A key consideration was the need for the preconditioner to be good when there was a kinetic component in the problem, as there was for the neutral species in our case. Obtaining the Jacobian by direct numerical variation from the full kinetic problem was typically computationally prohibitive for realistic simulations, and a potentially attractive strategy for “building” a preconditioner was to base it on a fluid model. However, there was no guarantee in general that a fluid model was a sufficiently good approximation to the kinetic one. We carried out analytical investigations of simple kinetic models, including a paradigm single-speed radiation transport problem, and found that an approximate inverse Jacobian for a diffusion-approximation moment model could be an excellent preconditioner for the full kinetic problem across all regimes, and could reduce the condition number of the resulting problem from one that is very large to a number of order 2. This suggested that for kinetic problems, sensible moment/fluid model-based preconditioners may provide excellent convergence acceleration.

 

Testbed Investigations of Implicit Coupling of Fluid Plasma and MC Neutrals

We investigated JFNK for a one-dimensional coupled MC neutrals and fluid plasma model in a testbed code. The physical model was such that the Jacobian was known analytically, so an MC-based Jacobian vector product calculation was not needed, unlike for a more complete and accurate kinetic neutral model. Good convergence could be achieved if, in addition, the Jacobian had a moderate condition number. Figure 2 shows the residuals for these calculations and for particles. The calculations reach their asymptotic residual within a few nonlinear iterations. The early nonlinear iterations had approximately 10–20 linear Krylov iterations, while the later ones typically had of order 5.

 

Figure2.
Figure 2. Residuals versus iteration count for Newton-Krylov solution of a one-dimensional, coupled fluid plasma and MC neutral model. The blue points are residuals at the end of all (linear and nonlinear) iterations, while the red points are the residuals at the end of the nonlinear iterations only. These results represent a "partial proof of principle" of our approach for such solutions and an important step towards developing the approach for the actual application codes.

 

 

Investigations with UEDGE and DEGAS-2

 

We set up and reproduced simulations of a “box geometry” case (Rensink 1998) using explicit couplings of the UEDGE fluid plasma and neutral species models, and of coupled UEDGE fluid plasma and DEGAS-2 kinetic MC neutrals models. The fastest time scales in a nominal box geometry case were found to be associated with the charge exchange, while the slowest rates were associated with global particle balance and transport in the presence of strong recycling.

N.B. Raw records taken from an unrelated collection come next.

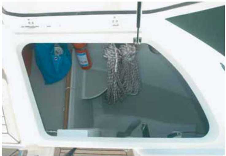
Stowage space aplenty.
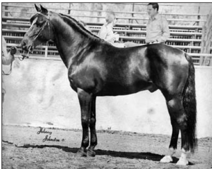
Farceur Morgan 1966
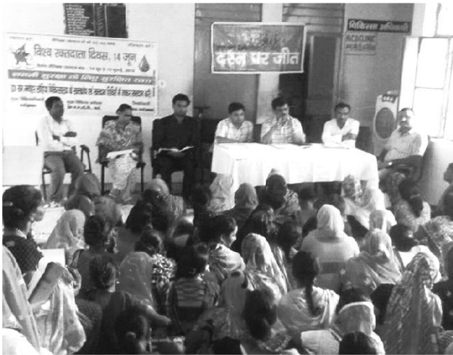
FLWs Meeting with CMO
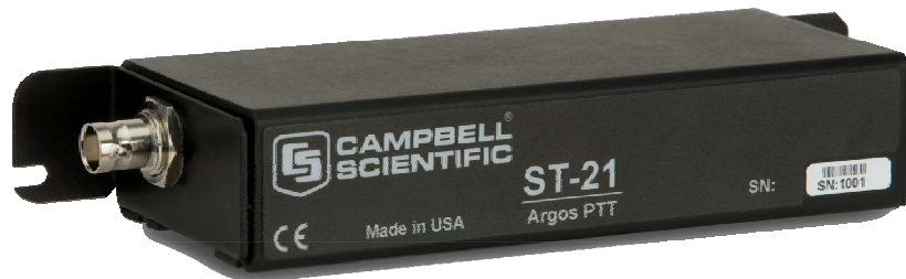
FIGURE 3-1. The ST-21's BNC connector attaches to the antenna via the antenna cable

The ST-21's BNC connector is for attaching the antenna (see FIGURE 3-1).
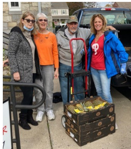
Produce delivery to a preschool

You can continue to help by supporting Advocates in your prayers for a successful revitalization for Advocates, for all the people to work together in cooperative dialogue, for uniting to achieve what is best for all those in need, for encouraging folks to become educated and informed about food insecurity, and for commitments of time and talent to improving the system. Keep the mountain moving!
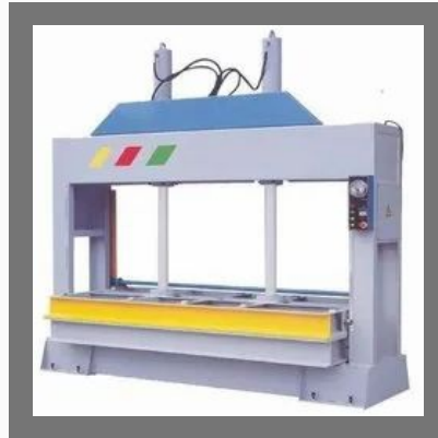
Cold Press Machine

This case, when run with explicit coupling, could become unstable for a sufficiently large time step of the simulation using DEGAS-2 and using the UEDGE fluid neutrals model. An important parameter was the “input power” (i.e., the power flow into the simulation volume that represented power coming from the core region). For sufficiently large power, the plasma behavior was robust and there was no time step stability threshold. As the power was reduced, the plasma became “detached” from the “target plate.” In this state, the heat flow largely did not reach the plate via the plasma. Instead, the power radiated, and in some cases, there was a region of very low plasma density and high neutral density near the plate. The detached state and its (physical) stability were of great interest because in it, the damage to the plate and associated contamination of the plasma could be greatly minimized. Unfortunately, it was in this state and in the regime of input power where the transition occurred and where the explicit coupling encountered the restrictive time-step threshold.

A more detailed understanding of the numerical instability associated with explicit coupling and its physical and numerical parameter dependences was obtained with one-dimensional simulations using explicit couplings of the UEDGE fluid models and of the UEDGE plasma model with a simplified one-dimensional kinetic-neutrals model.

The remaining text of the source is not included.